__Task instructions__. Copy out exactly the lines from the one containing "04月15日,重庆水务收报5" to the last line of the records below, both included, and leave out any pictures.

Excerpts from a dataset:

- Opening Delimiter -

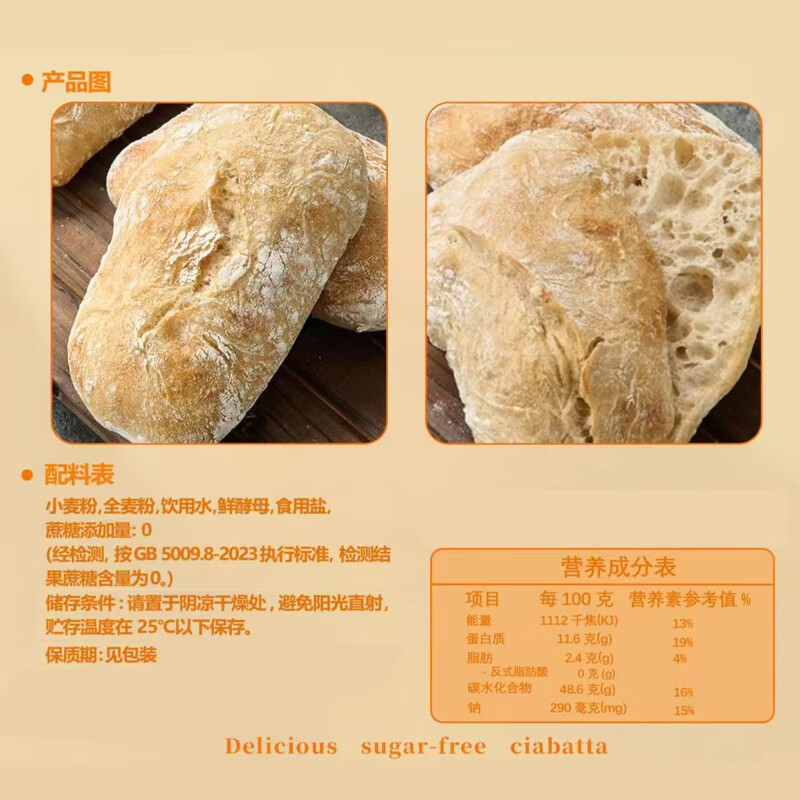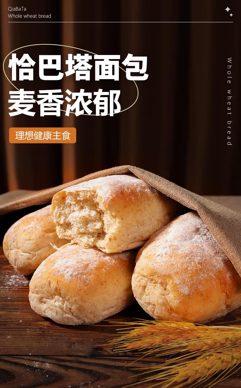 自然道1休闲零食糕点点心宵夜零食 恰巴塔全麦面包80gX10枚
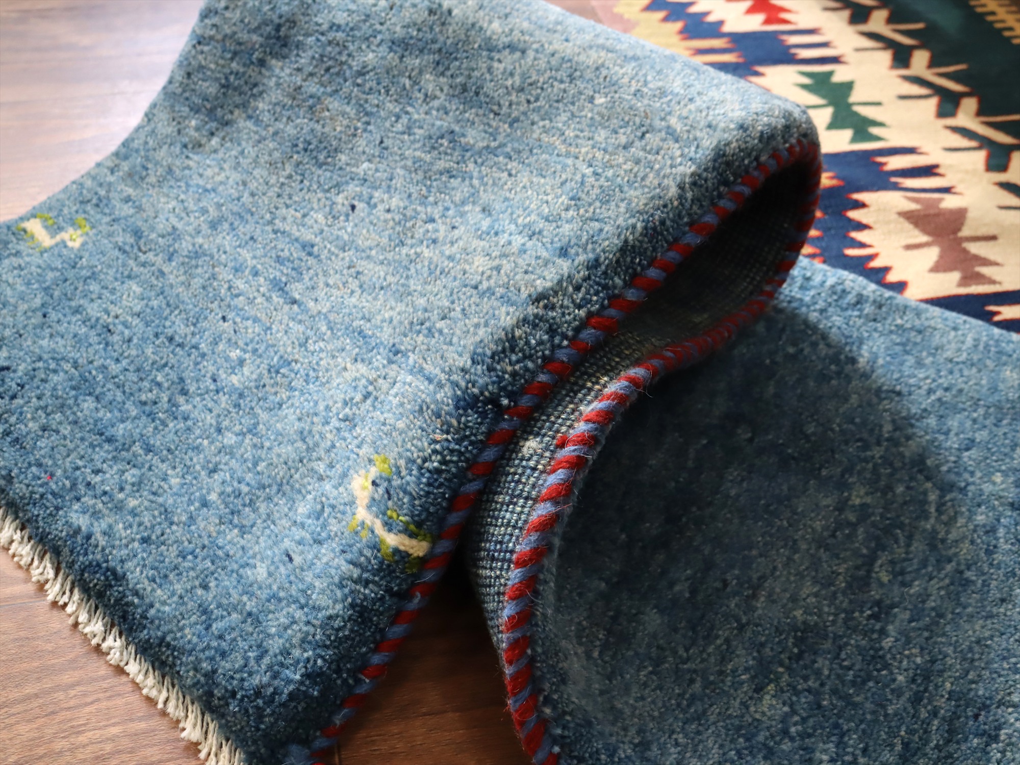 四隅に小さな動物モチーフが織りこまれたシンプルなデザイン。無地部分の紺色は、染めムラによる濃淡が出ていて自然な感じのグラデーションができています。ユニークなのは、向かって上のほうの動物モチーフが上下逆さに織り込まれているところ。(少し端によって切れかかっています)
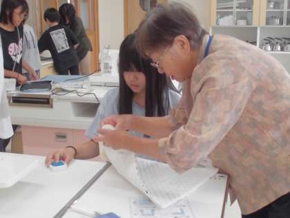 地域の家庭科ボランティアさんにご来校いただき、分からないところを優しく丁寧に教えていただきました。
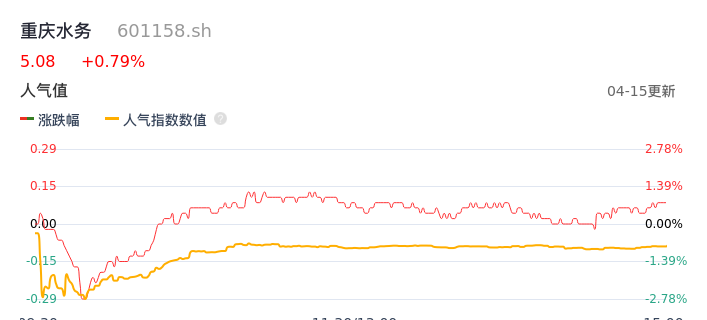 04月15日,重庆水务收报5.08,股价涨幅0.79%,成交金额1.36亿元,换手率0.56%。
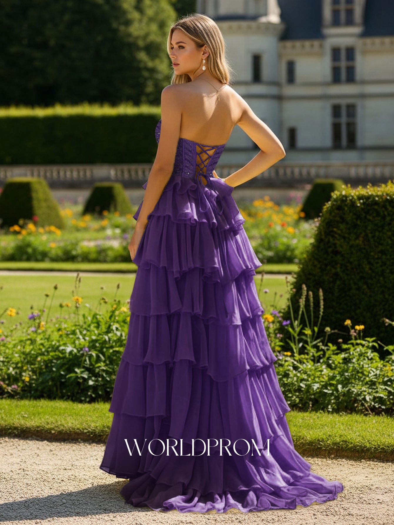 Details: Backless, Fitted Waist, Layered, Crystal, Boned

- Closing Delimiter -

__Expected answer__.
 04月15日,重庆水务收报5.08,股价涨幅0.79%,成交金额1.36亿元,换手率0.56%。
 Details: Backless, Fitted Waist, Layered, Crystal, Boned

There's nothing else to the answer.